When, on Easter morning, Mary Magdalene and the other women reported their encounter with the angels at the empty tomb to the apostles, “their words seemed to them as idle tales, and they believed them not” (Luke 24:11). Even after Peter himself had gone to the sepulcher, seeing it vacant and Jesus’ burial shroud neatly folded within, he “departed, wondering in himself at that which was come to pass” (Luke 24:12; John 20:7). He didn’t naively rush to believe.
Jesus appeared to 10 of the remaining 11 apostles that evening, but Thomas wasn’t there with them. And then, despite their collective testimony that “We have seen the Lord,” he insisted, “Except I shall see in his hands the print of the nails, and put my finger into the print of the nails, and thrust my hands into his side, I will not believe” (John 20:25).
The New Testament accounts suggest not gullibility on the part of the first Christian disciples but skepticism — the skepticism that some imagine is reserved for enlightened moderns.

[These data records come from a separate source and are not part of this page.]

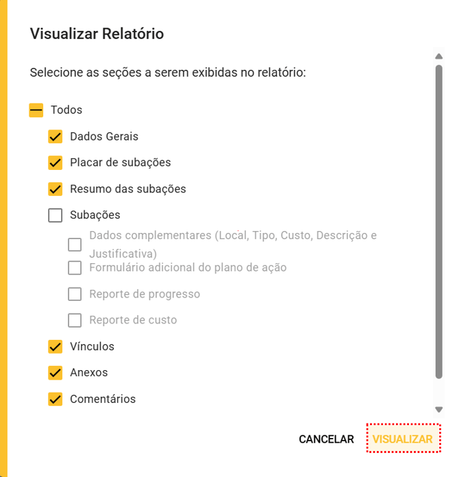Podemos também visualizar o relatório, com o menu aberto selecione "Visualizar Relatório", será aberto uma aba para selecionar as seções que você deseja exibir no relatório:
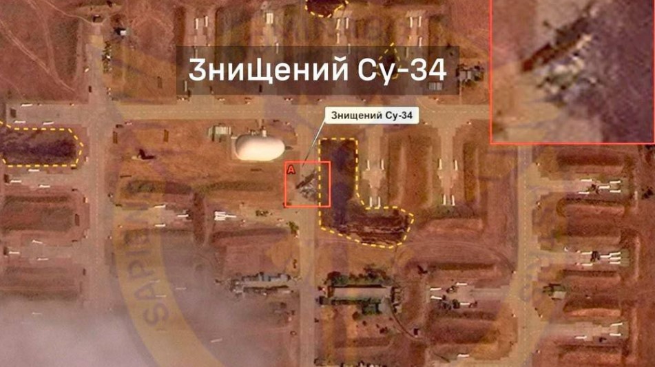 «Дані космічної розвідки свідчать ― внаслідок вогневого ураження військового аеродрому держави-агресора Росії «Морозовск» у Ростовській області 3 серпня 2024 року знищено винищувач-бомбардувальник Су-34.
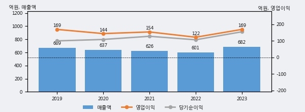최근 실적을 살펴보면 2023년 매출액이 최근 5년 중 가장 높은 실적을 기록했음을 알 수 있다. 이전 최고 실적이었던 2019년 보다도 2.1%(13억 8천만원) 늘어난 것으로 나타났다.
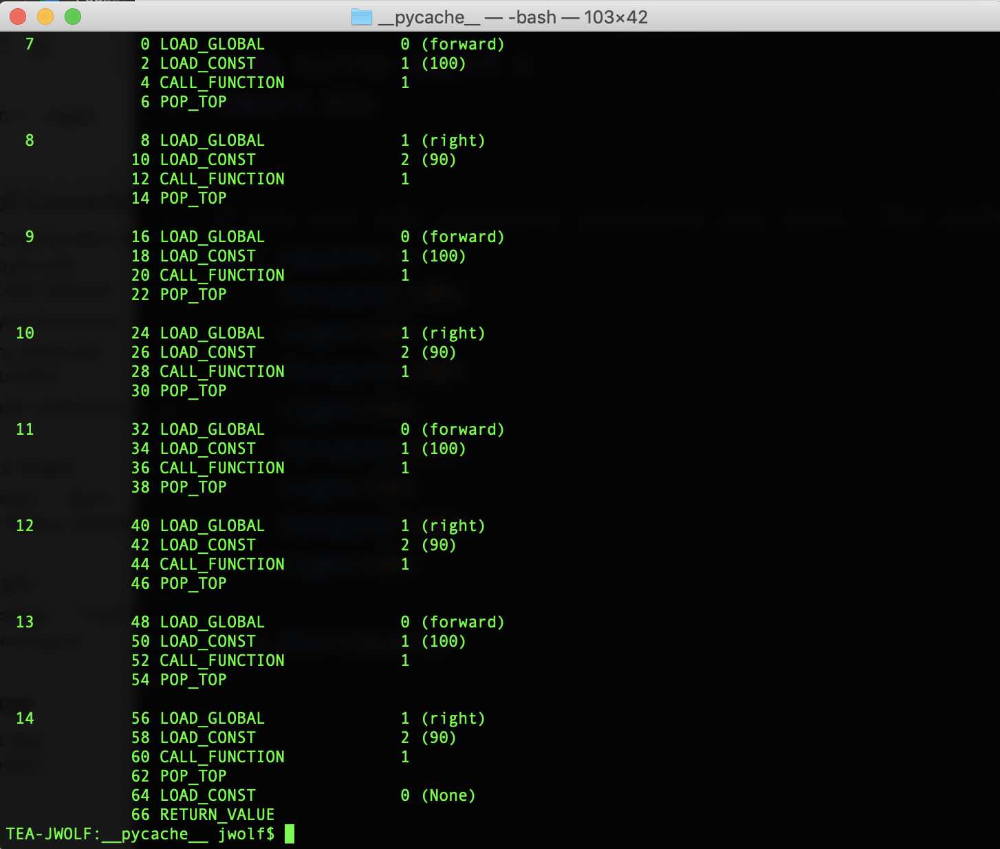 Once your code is in machine language, your computer takes over to carry out the instructions you give it. In the case of the drawing assignment, this meant showing a moving turtle drawing lines on your screen.

In the ancient world, as in ours, the dead don’t commonly return.
But skepticism maintained too long is foolishness, and the disciples’ incredulity was shattered by their experience with the risen Lord. The seeming defeat of the cross was swallowed up in the fact of the resurrection. The disciples were transformed. On the Saturday of Passover weekend, while the Lord’s body lay in his tomb — though, unannounced to mortals, he was at work organizing the proclamation of the gospel among the spirits of the dead (1 Peter 3:18-20; 4:6; Doctrine and Covenants 138) — the disciples, fearing further arrests and executions, literally discouraged at the apparent failure of their leader, were in hiding.

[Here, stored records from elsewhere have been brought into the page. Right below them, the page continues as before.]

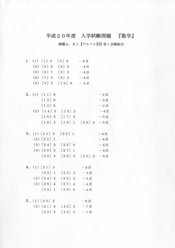 ■平成20年度入試過去問題 推薦A・B1 アルファ(数学 解答)
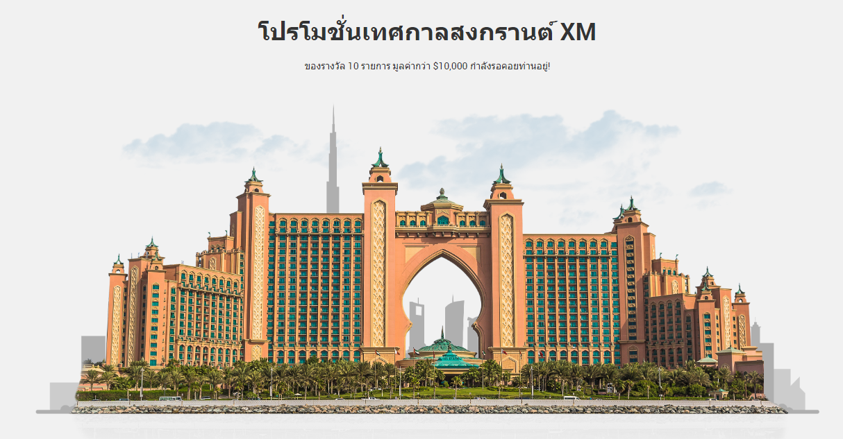 มาเข้าร่วมโปรโมชั่นของเราในตอนนี้และเข้าร่วมลุ้นในการจับรางวัลของ XM ที่มีของรางวัลมูลค่าสูงหลายรายการ โดยมีรางวัลใหญ่คือ: ที่พัก 4 คืน สำหรับ 2 ท่าน ที่โรงแรมสุดหรู Atlantis – The Palm Hotel ในดูไบ ท่านเพียงแค่มีบัญชีจริงของ XM และทำการเทรดฟอเร็กซ์ ทองคำ หรือเงินในช่วงระยะเวลาโปรโมชั่นนี้เพียงเท่านั้น
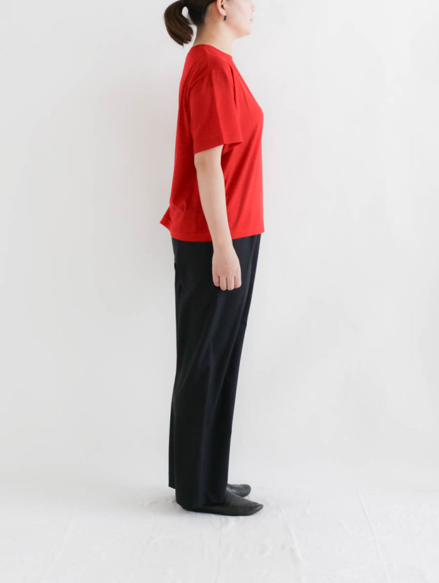 Tシャツですが、見た目がラフになりすぎず大人な見え方に。
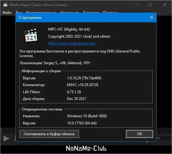 - В комплекте присутствует медиаплеер MPC-HC, оптимизированный для работы с установленными кодеками.
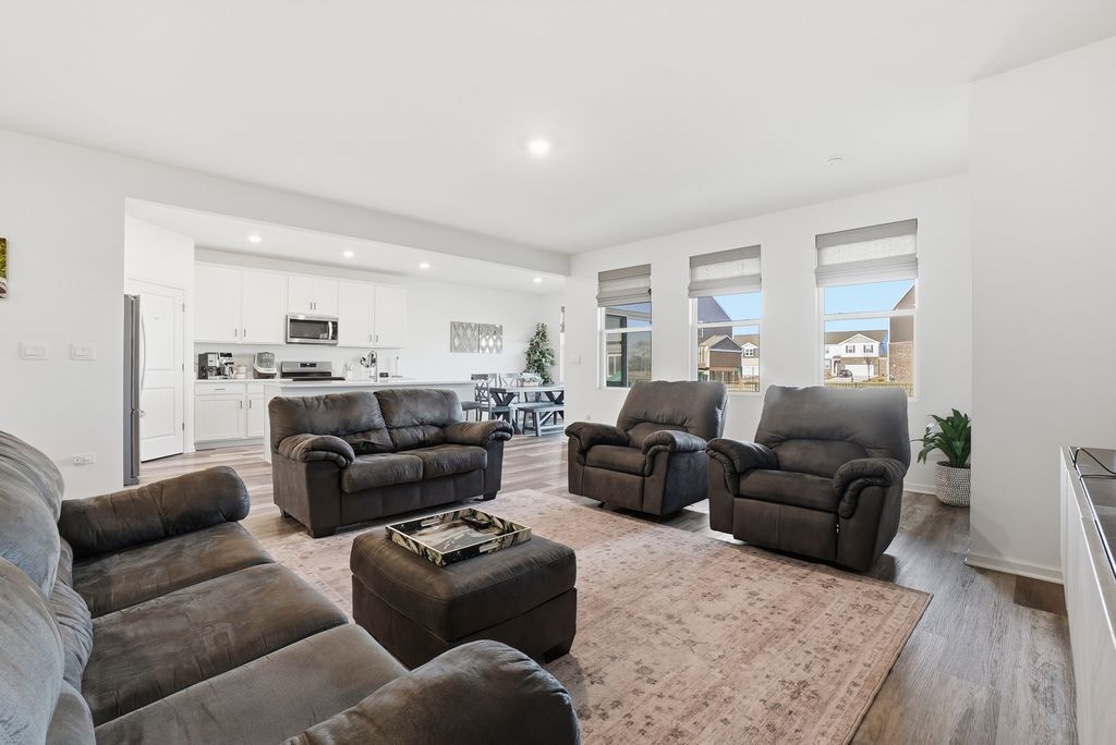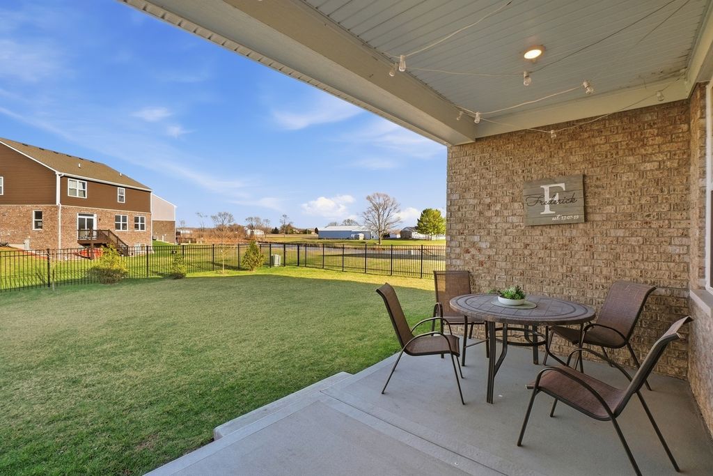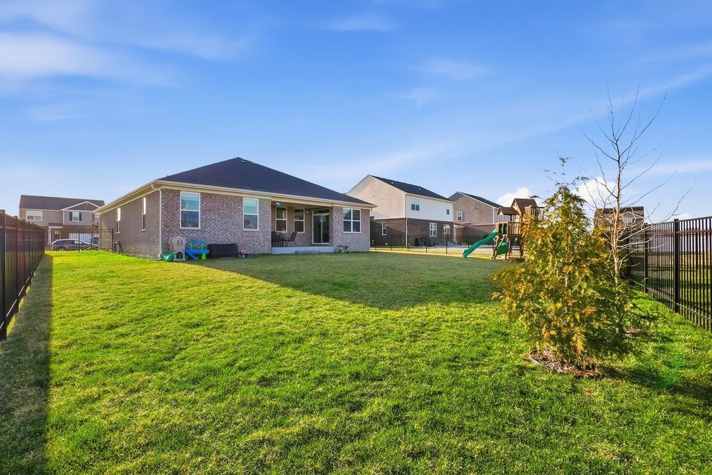 ***OH cancelled**offer accepted*** Step inside and feel it immediately-this is the kind of home that just flows. This beautifully designed ranch offers the perfect blend of everyday functionality and elevated finishes, creating a lifestyle that feels both effortless and refined. This quick move-in Fairfield model is available now with NO SSA in Manhattan and features charming brick detail, a spacious 3-car garage, and a generously sized basement that is already partially finished-giving you valuable additional living space from day one. Inside, 9' ceilings enhance the open, airy feel throughout the home. With 4 bedrooms and 2 full baths, the layout is thoughtfully designed to accommodate both everyday living and entertaining. The kitchen truly serves as the heart of the home, showcasing designer 42" cabinets with crown molding and deluxe construction, quartz countertops, stainless steel appliances, and a walk-in pantry. It opens seamlessly into the great room and dining area, making it easy to host, gather, and enjoy every moment. Just off the main living space, a covered back porch creates the perfect extension of the home-ideal for quiet mornings or relaxing evenings. The primary suite is privately situated at the back of the home, offering a peaceful retreat complete with a large walk-in closet and a spa-inspired bath featuring a raised dual vanity, water closet, oversized shower with seat and clear glass doors, ceramic finishes, and a linen closet. Luxury vinyl plank flooring runs throughout the main living areas, while all bedrooms feature plush carpet with upgraded padding for added comfort. The laundry room is conveniently tucked near the garage entry for everyday ease. Outside, the fully sodded homesite is complemented by professional landscaping and a fully fenced yard, while inside you'll appreciate the added value of all window treatments already installed and all appliances included-even the washer and dryer. Designed for modern living, this home also includes America's Smart Home Technology, allowing you to control and monitor your home from anywhere. Whether adjusting settings from your phone or using voice commands, the system seamlessly connects with Bluetooth, Wi-Fi, Z-Wave, and cellular devices to create a truly connected experience. Only 2 years young, this home offers the benefits of newer construction without the wait-ready for you to move in and start your next chapter.

And yet, the four gospels testify that, with the exception of Thomas, they saw Jesus alive again the next day. “My Lord and my God,” said Thomas to Jesus when he too had actually seen the risen Savior (John 20:28).
Jesus trained them for 40 subsequent days and then commanded that they await the descent of the Holy Spirit upon them before acting further (Acts 1:3-4). That descent occurred at Pentecost, 50 days after the crucifixion. Instantly, the remaining apostles were out on the streets of Jerusalem, boldly testifying, at great personal risk, of Christ’s resurrection (see Acts 2-4).
Soon thereafter, this small band of Galilean peasants was carrying that revolutionary message across the Mediterranean, witnessing of “that which was from the beginning, which we have heard, which we have seen with our eyes, which we have looked upon, and our hands have handled, of the Word of life” (1 John 1:1). And this seemingly failed little Jewish messianic movement proceeded to change world history.
But what of those who haven’t directly met the resurrected Jesus? “Thomas,” said the Savior, “because thou hast seen me, thou hast believed: blessed are they that have not seen, and yet have believed” (John 20:29).